Since the 1960s and 1970s, local governments have provided residents with inexpensive classes in community centers for recreation, sports, and cultural education.  Participants take enrichment classes during the day.  As lifelong education grows in popularity and the number of the elderly increases, many private lifelong-education centers, called “cultural centers,” and health care centers offer day, night, and weekend classes in recreation, sports, cultural education, and basic vocational skills.  In addition to homemakers and retirees, people who work during the daytime can attend evening and weekend classes.  The local government needs to provide more outreach programs for low-income and disadvantaged families who need the most lifelong education but are least likely to take advantage of it.

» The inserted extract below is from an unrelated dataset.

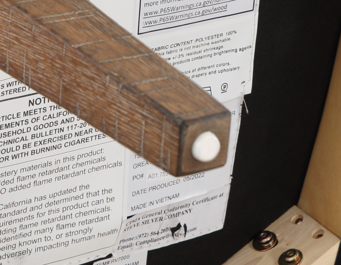 - Constructed of pine and rubberwood solids and engineered hardwoods
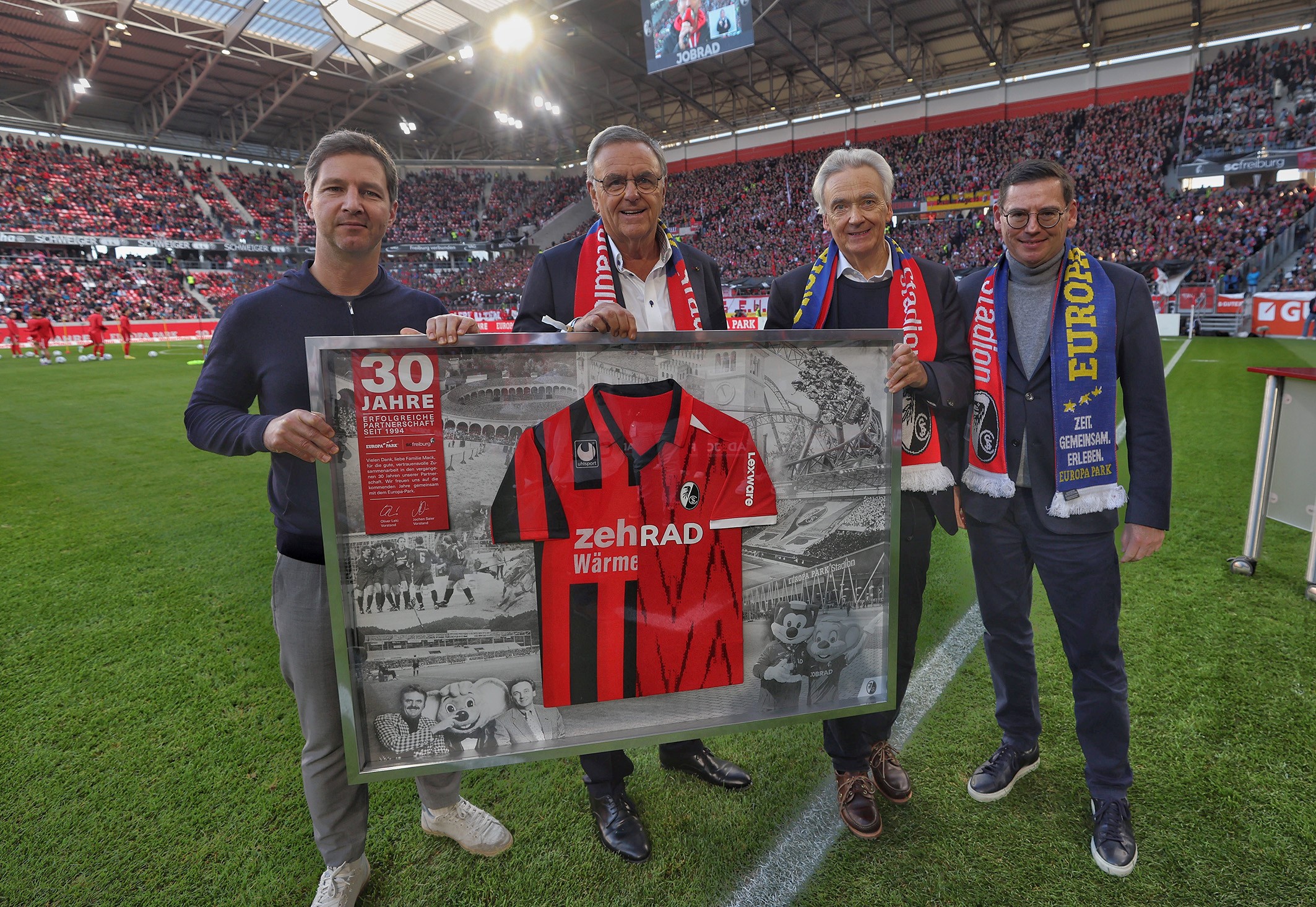 Mit einem aufwändig gestalteten Unikat würdigte der SC Freiburg die 30-jährige Partnerschaft mit dem Europa-Park. Oliver Leki, Vorstand SC Freiburg, überreichte Roland und Jürgen Mack eine Collage mit einem Trikot, das zur Hälfte aus der Saison 1994/95 stammt und zur anderen Hälfte aus der aktuellen Saison, umrahmt von Fotos der vergangenen Jahre. „30 Jahre sind eine lange Zeit und im Profifußball keine Selbstverständlichkeit“, machte SC-Vorstand Oliver Leki deutlich und bedankte sich gemeinsam mit seinem Vorstandskollegen Jochen Saier „beim Europa-Park und vor allem bei der Familie Mack für die vertrauensvolle Zusammenarbeit und die Unterstützung in den vergangenen drei Jahrzehnten“.

1.    Works in English on college education in Japan and its prospects are summarized in Kitamura (1991), Teichler (1998), Dore and Sako (1998), and McVeigh (2002).  The role of the institutional network in the recruitment process of college graduates to work is discussed in Brinton and Kariya (1998), the ethnography of junior college female students is presented in McVeigh (1997), and students’ views of college education as shown in questionnaires are discussed in Lee-Cunin (2004).  A comparative study of the role of college credentials in the recruitment and promotion of workers in Japan and the United States is analyzed by Ishida, Spilerman and Su (1997).  In the Japanese literature, the restructuring of colleges has been much discussed in recent years (e.g., Okushima et al. 1998; Saeki et al. 1998; Amano 1999; Nakamura 2000).

2.    Lifelong education (shōgai kyōiku) has been much discussed in recent years, as the government launched a large-scale program of lifelong education in the 1990s.  In Japanese, the history of social education (shakai kyōiku) up to the 1980s is reviewed in Nihon Shakai (1988), and lifelong education in higher education is discussed along with the restructuring of college education in Amano (1996), Fujitsuka (1994), and Okushima et al. (1998).

3.    This case study is based on my March 1998 classroom observation and interviews with the teachers and administrators in Marugame city hall, a municipal center, a community center, and a lifelong education center.